=== Begin Enclosure ===
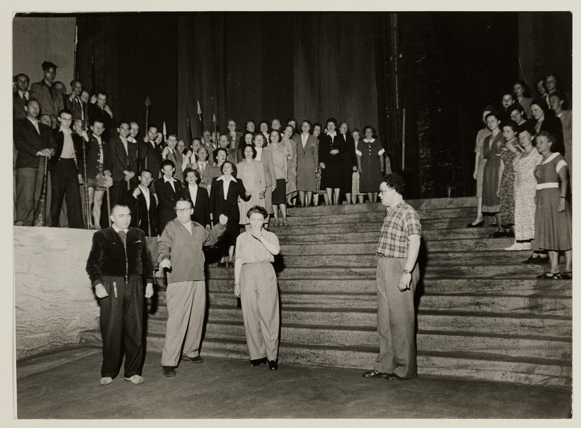 Götterdämmerung, 2. Aufzug, Bernd Aldenhoff als Siegfried, Martha Mödl als Gutrune und der Festspielchor bei einer Probe mit Wieland Wagner und Paul Hager
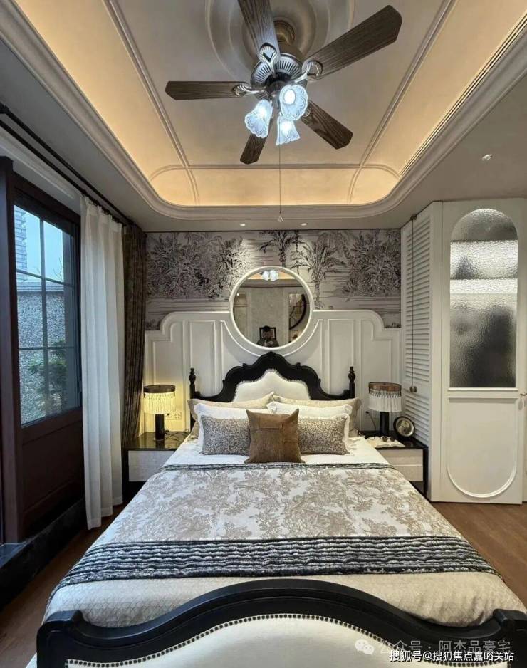 利用本身超大面宽属性,做出非常大的落地窗 ,这些窗又用很多传统的线条将它进行分割装饰,连续方格长窗,既保障了室内通透采光,又还原了花园别墅的线条美感与风情。
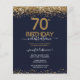 Elegant Faux gold glitter with shimmering confetti highlights on the top and bottom border. All text is adjustable and easy to change for your own party needs. Great elegant 70th birthday template design.
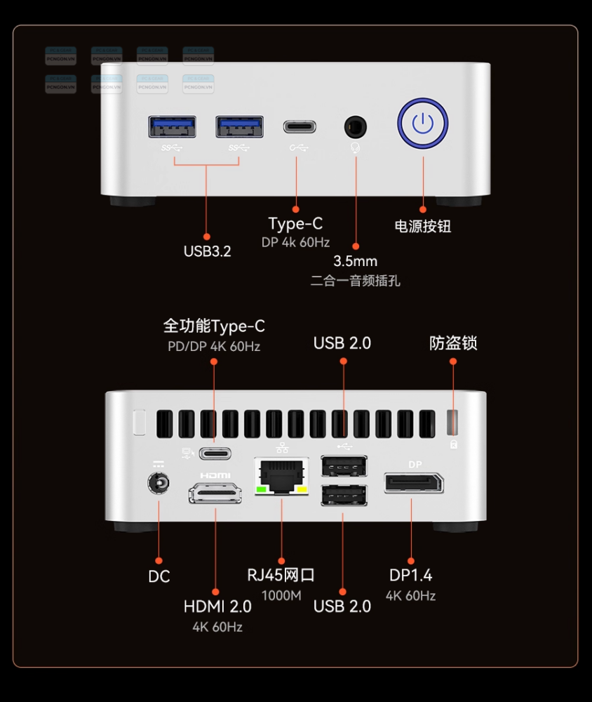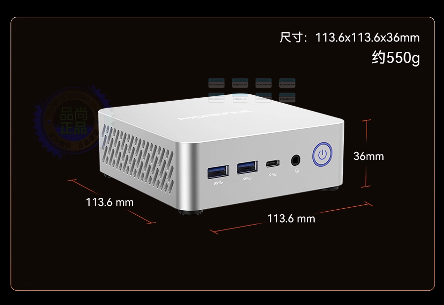 Kích thước chỉ 113.6×113.6×36mm, nặng khoảng 550g, vỏ kim loại cao cấp giúp tản nhiệt hiệu quả. Nguồn 100W (20V/5A) bảo đảm hiệu suất cao mà vẫn tiết kiệm điện, vận hành êm ái.
=== End Enclosure ===
What to work on:
Pictures stay out; the data above is to be returned exactly.

Response to this exercise:
 Götterdämmerung, 2. Aufzug, Bernd Aldenhoff als Siegfried, Martha Mödl als Gutrune und der Festspielchor bei einer Probe mit Wieland Wagner und Paul Hager
 利用本身超大面宽属性,做出非常大的落地窗 ,这些窗又用很多传统的线条将它进行分割装饰,连续方格长窗,既保障了室内通透采光,又还原了花园别墅的线条美感与风情。
 Elegant Faux gold glitter with shimmering confetti highlights on the top and bottom border. All text is adjustable and easy to change for your own party needs. Great elegant 70th birthday template design.
 Kích thước chỉ 113.6×113.6×36mm, nặng khoảng 550g, vỏ kim loại cao cấp giúp tản nhiệt hiệu quả. Nguồn 100W (20V/5A) bảo đảm hiệu suất cao mà vẫn tiết kiệm điện, vận hành êm ái.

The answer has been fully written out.